An advantage of this method is that it is simple to implement, and it places no limits on the format of the input files. There is no need to have a specific format or a matching number of rows or columns in the input files. In the population projection example considered above, the input files for the two scenarios could have different numbers of rows as one of the two scenarios could imply a different zonal structure within the region.

In this example repository, this approach is called the "categorical drop-in" method.\ The VisionEval model will either use the inputs file "A" or the inputs file "B", but not a mix of the two. This is expressed in the code by the categorical_drop_in method, which is a method of the FilesCoreModel.

def _manipulate_by_categorical_drop_in(
    self,
    params: dict,  # (1)!
    cat_param: str,  # (2)!
    ve_scenario_dir: os.PathLike,  # (3)!
):
    scenario_dir = params[cat_param]
    for i in os.scandir(scenario_input(ve_scenario_dir, scenario_dir)):  # (4)!
        if i.is_file():
            shutil.copyfile(
                scenario_input(ve_scenario_dir, scenario_dir, i.name),
                join_norm(self.resolved_model_path, "inputs", i.name),
            )
  1. The params dictionary is passed through to the _manipulate_by_categorical_drop_in method. This dictionary includes the values of all the policy levers and exogenous uncertainties for the experiment.
  2. The cat_param argument is the name of the parameter in the params dictionary that is the categorical drop-in.
  3. The ve_scenario_dir argument is the directory where the categorical input files for the categorical drop-in are stored.
  4. The _manipulate_by_categorical_drop_in method will scan the appropriate directory\ where the categorical input files are stored, and copy the input files for the selected categorical value into the requisite input location for the VisionEval model.

This method is in turn called from individual setup sub-methods, which will define the specific input parameters that are categorical drop-ins. For example, the _manipulate_carsvcavail method can define the specific input parameters that are categorical drop-ins for car service availability inputs.

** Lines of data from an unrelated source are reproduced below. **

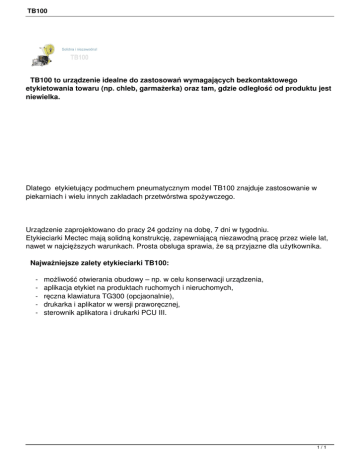 TB100 TB100 to urządzenie idealne do zastosowań wymagających bezkontaktowego etykietowania towaru (np. chleb, garmażerka) oraz tam, gdzie odległość od produktu jest niewielka. Dlatego etykietujący podmuchem pneumatycznym model TB100 znajduje zastosowanie w piekarniach i wielu innych zakładach przetwórstwa spożywczego. Urządzenie zaprojektowano do pracy 24 godziny na dobę, 7 dni w tygodniu. Etykieciarki Mectec mają solidną konstrukcję, zapewniającą niezawodną pracę przez wiele lat, nawet w najcięższych warunkach. Prosta obsługa sprawia, że są przyjazne dla użytkownika. Najważniejsze zalety etykieciarki TB100: - możliwość otwierania obudowy – np. w celu konserwacji urządzenia, aplikacja etykiet na produktach ruchomych i nieruchomych, ręczna klawiatura TG300 (opcjaonalnie), drukarka i aplikator w wersji praworęcznej, sterownik aplikatora i drukarki PCU III. 1/1
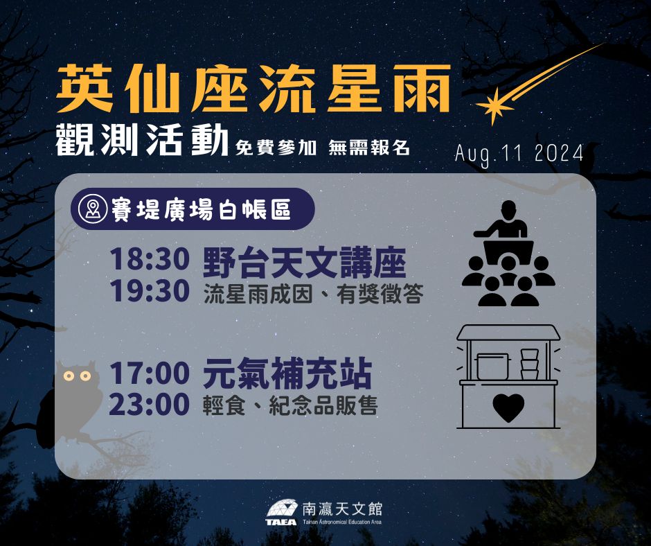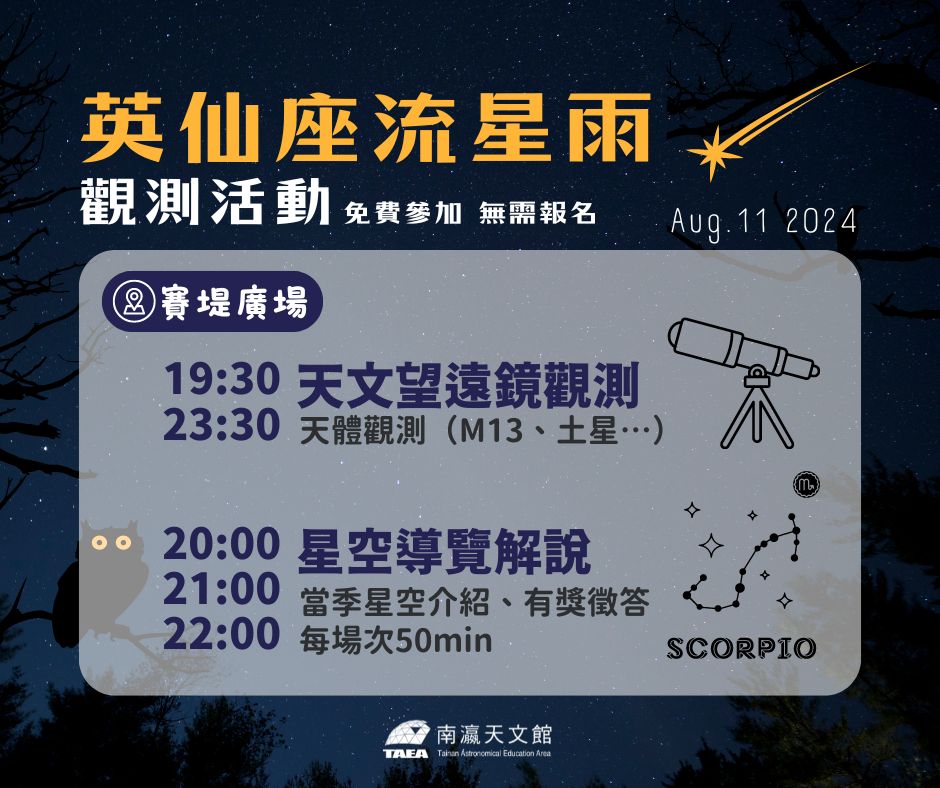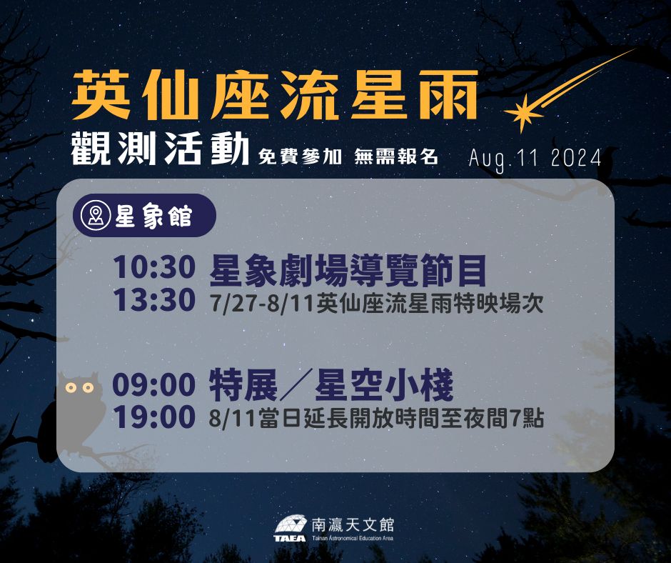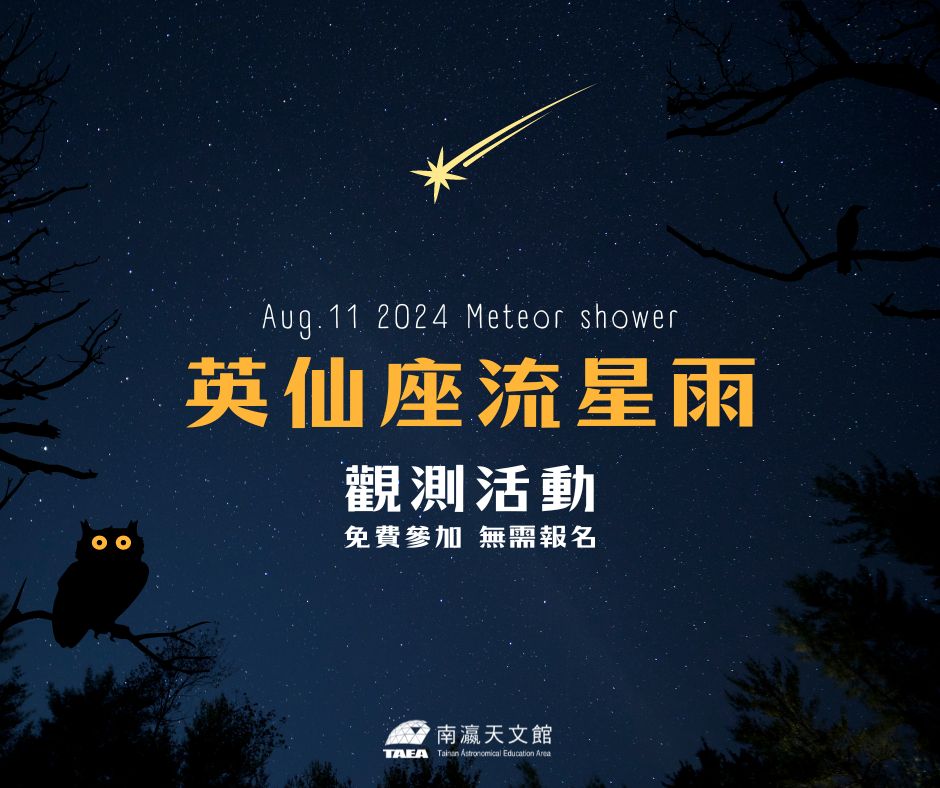 年度三大流星雨之一的「英仙座流星雨」要來啦!極大期於8月12日晚間至13日凌晨,每小時流星數(ZHR值)上看100顆,南瀛天文館配合眾多天文迷的作息,提前至11日夜間辦理免費觀測活動,從晚間18時30分起陸續有野台天文講座、望遠鏡觀測、星空導覽解說,一路持續至午夜12時,免費參加無須報名,歡迎全國天文迷一同共襄盛舉!
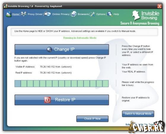 Invisible Browsing - программа, с помощью которой Вы сможете скрывать, изменять и маскировать свой IP адрес. Данная программа позволяет Вам анонимно блуждать по Интернету, предотвращая запись Вашего IP адреса или другой информации без Вашего разрешения, позволяет Вам изменять свой IP в любое время, поэтому Вы сможете направлять свой Интернет трафик в заморские серверы. Все модули доступа заранее протестированы, обеспечивая Вам высокоскоростное анонимное Интернет соединение. Invisible Browsing обеспечивает Вам конфиденциальность в режиме реального времени, постоянно удаляя такие Ваши следы, как пароли браузера, историю Интернет URL, напечатанную URL историю, авто заполненные формы и историю паролей, Избранное в Internet Explore и временные файлы.
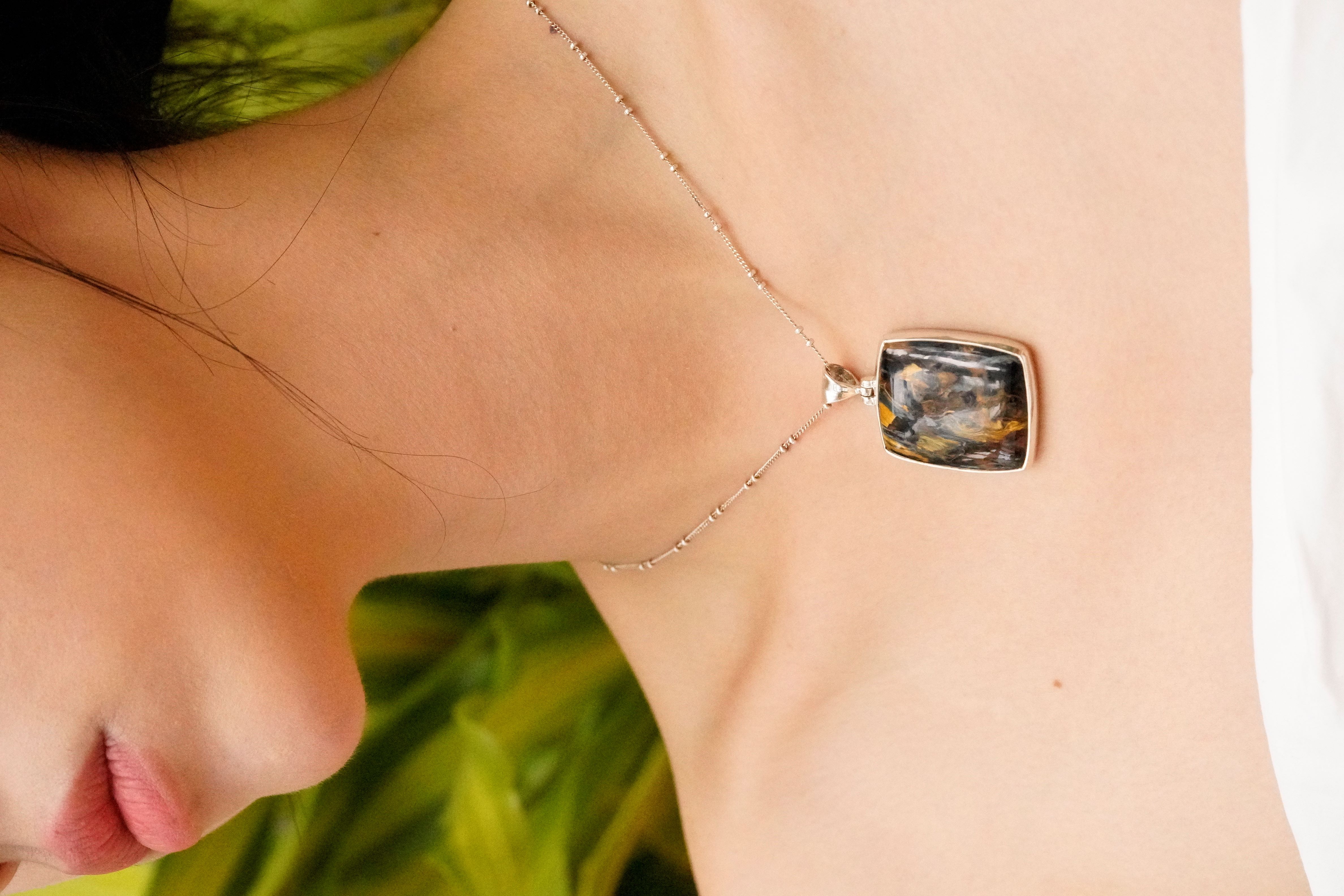 [736][마지막한점] 폭풍석 피터사이트 천연석 925 실버 타원형 펜던트_2.8x4.3cm
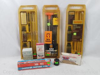 Lot #0114: 3 Rifle Cleaning Kits, Grips, Recoil Pad, Sharpening Stone
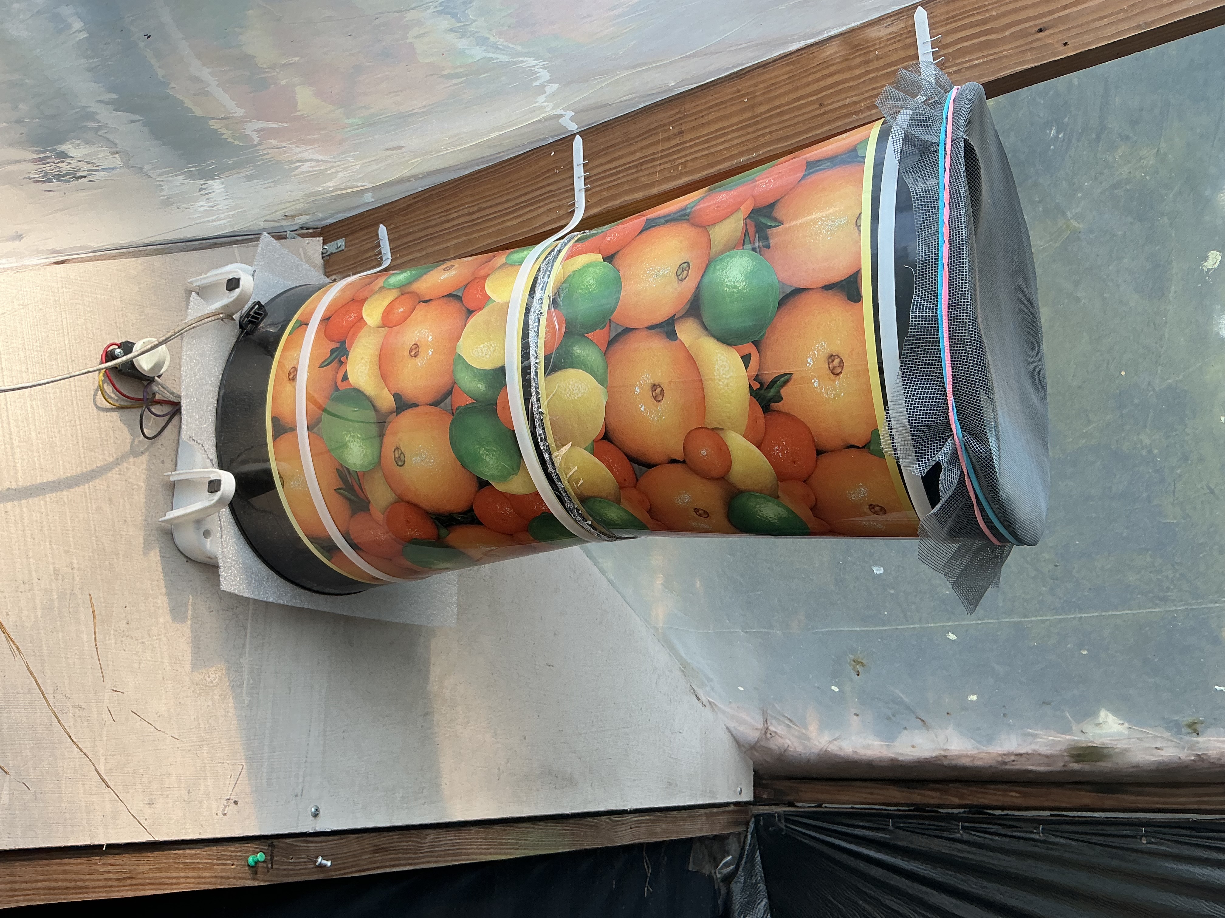 I inserted the board in a jury-rigged “wind tunnel” attached to the intake side of the exhaust fan in the apex of my greenhouse (it reaches 120F+ inside during the day in September):
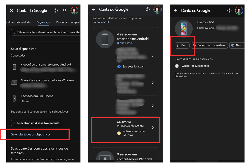 Caso você tenha cadastrado uma conta do Google num celular que foi formatado recentemente, é possível remover esse registro de forma remota a partir de outro aparelho confiável. A mudança garante que a sua conta fique conectada apenas em dispositivos que você usa com frequência.

def _manipulate_carsvcavail(self, params):
    return self._manipulate_by_categorical_drop_in(
        params,  # (1)!
        "CARSVCAVAILSCEN",  # (2)!
        self.scenario_input_dirs.get("CARSVCAVAILSCEN"),  # (3)!
    )
  1. The params dictionary is passed through to the _manipulate_by_categorical_drop_in method.
  2. The second argument to the _manipulate_by_categorical_drop_in method is the name of the parameter in the params dictionary that is the categorical drop-in, in this case the CARSVCAVAILSCEN parameter.
  3. The third argument to the _manipulate_by_categorical_drop_in method is the directory where the categorical input files for the categorical drop-in are stored.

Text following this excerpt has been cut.